The only thing that could kill TV? TV itself.

Posted on January 3, 2013 by Jeremy Toeman

It’s fun to write about the “death of TV” (or flip flop on it, whatever).  Why it’s so fun, I’m not sure, but I have a hunch it’s because…

  1. It’s a HUGE industry ($500+B/year if not more)
  2. It’s been utterly untouched by the Internet (so far – a thing that really rankles a lot of people, mostly tech bloggers)
  3. The newspaper and music industries both got trashed, so why not TV too?
  4. It’s controlled by a very small number of extremely powerful and wealthy companies
  5. The aforementioned companies have a perception of (a) greedy profiteering, (b) being dinosaurs, and (c) restricting people from doing whatever they want with content, which also tends to rankle said tech bloggers

Arguments for the death of TV are equally fun to read and fantasize about.  They tend to fall into these categories:

  • “Those Kids Today”:
    Theory – Kids today like to watch the YouTubes and the Torrents!  Kids today don’t like to pay for content. Therefore when kids get older, they will continue to watch YouTube and not pay for content.
    Reality – To debunk comically: kids today like Play-Doh, Lego’s, Justin Bieber, and eating Mac & Cheese at every meal – none of which hold true when kids become grownups (well, maybe the mac & cheese bit).  To debunk more seriously: kids have loads and loads of time on their hands and very little money, so they can spend the time and energy hunting and pecking for free content – something most adults (30+, with kids) just don’t have.  Or, it’d be like assuming that because kids like Justin Bieber when they are teenagers they will like equally crappy music in their fifties.  Well, that might just happen I guess.
  • “Cord-Cutting/Shaving/Trimming/Slicing/Thinning/Balding/Receding”:
    Theory – everybody’s quitting cable!

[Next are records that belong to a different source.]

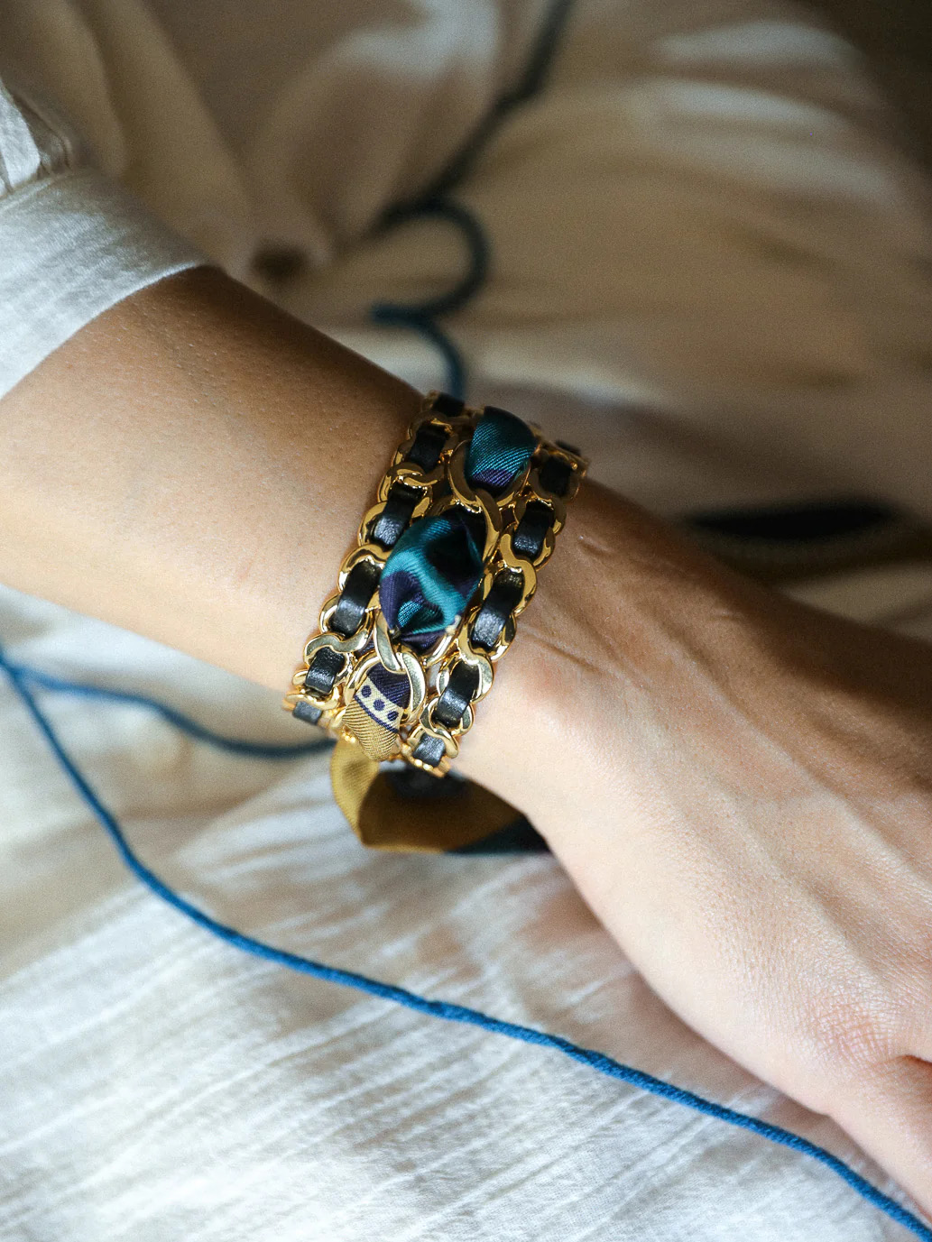 订购14周到|AN-NEE-C3G-DECEMBRE-棕绿色 夏帕诺瓦 黑色 2cm 丝巾手镯[法国设计师]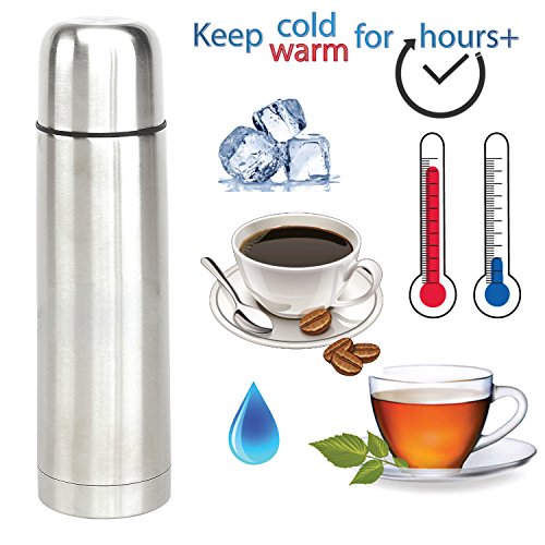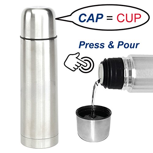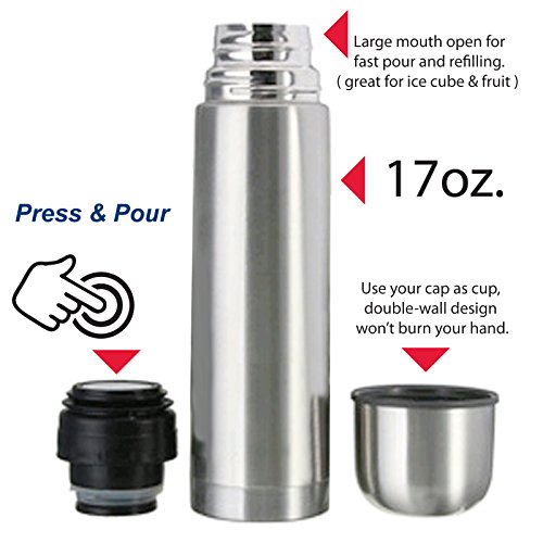 Studio : BuyAgain Publisher : BuyAgain Product Description 17 oz Thermos Double wall stainless steel vacuum insulated bottle. Sleek design that easily fit into cup holders. Constructed with double wall stainless steel keeping the drink hot or cold for hours, perfect for beverages on the go. Simply push and pour making it easy to use. The twist off cap serves as your cup. Enjoy your beverage anywhere without having to carry an additional cup. Thermos bottle is designed leak proof to prevent any spill. 0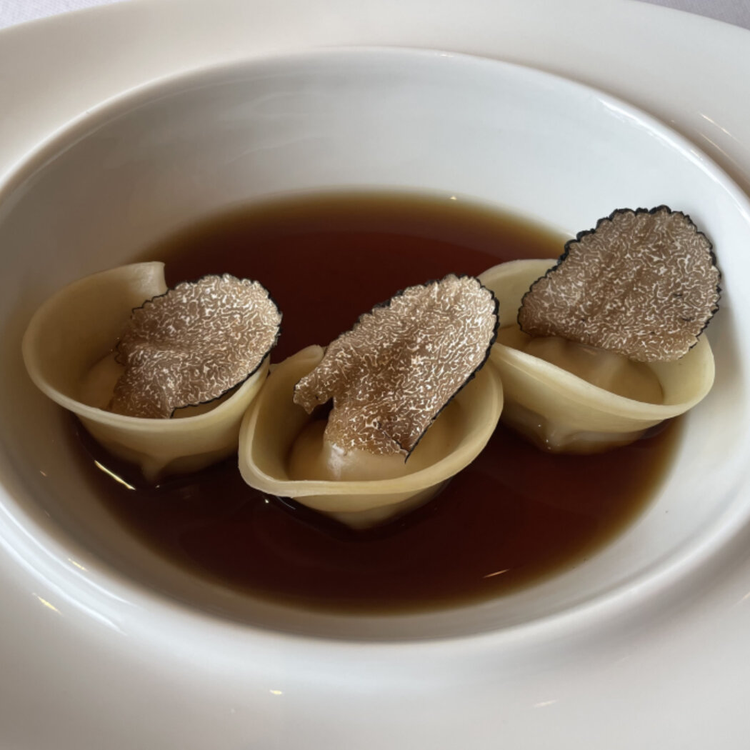 周三晚餐上的韩式乌鸡饺子、牛肝菌清汤配松露。 South Korean presidential office

EVERYBODY!
    Reality – I’m not even going to bother finding the links, but bottom line is this – for every article that shows XX thousand customers quit Cable, if they don’t ALSO INCLUDE the part where XX thousand customers signed up for IPTV, FIOS, Telco’s, or Satellite, you need to utterly ignore the article.  After that, there’s not much evidence left.  This may change, but that’s just a theory, and one that’s yet to be really substantiated.
  • “The Great Unbundling/A La Carte/Go Direct to Consumers”:
    Theory – In the not-too-distant future, you’ll be able to set exactly the lineup you want, and not pay for channels you don’t watch.  Or you’ll watch *everything* a la carte, paying as you go.  Or channels like HBO will start selling direct to consumers.
    Reality – This is in utter conflict with how the TV industry actually works and makes money. And since they, you know, like making money, and since shows are, you know, expensive to make, they need to keep making the money.  So if channels were to unbundle, they’d instantly get so expensive people wouldn’t be paying for them.  Here’s some of my previous thoughts on this same topic.
  • “Newspapers/Music died!”:
    Theory – Because of the deaths of other industries, TV will die too, as it’s antiquated, etc.
    Reality – This is like arguing that because the coal and steel industries in the US shrank, so will the TV industry. Other than being ad-supported, TV and Newspapers are utterly dissimilar (and BTW, the way the ads work for both are exceptionally different).  Other than being, well, media, TV and Music are utterly dissimilar.  We might as well say the Internet will die soon because it’s just like newspapers.
  • “Startups! Technology!”:
    Theory – Some startup will come along and just utterly kill TV in every way.
    Reality – Yeah, no.

OK, Jeremy, Mr Big Talk Guy, so what could actually happen?  Here’s my theory on what could “kill” the TV industry as we know it – it’s “catch up TV”. For those unfamiliar with the term, “catch up TV” (also called “binge viewing” sometimes) is when you watch a show long after it aired, by days/weeks/months/even years.  Whether it’s via Hulu, Netflix, Amazon, iTunes, Video On Demand, or any other service, it’s the rapidly increasing trend on TV consumption.  And it’s the one thing the TV industry is massively enabling, and could massively come back to haunt them.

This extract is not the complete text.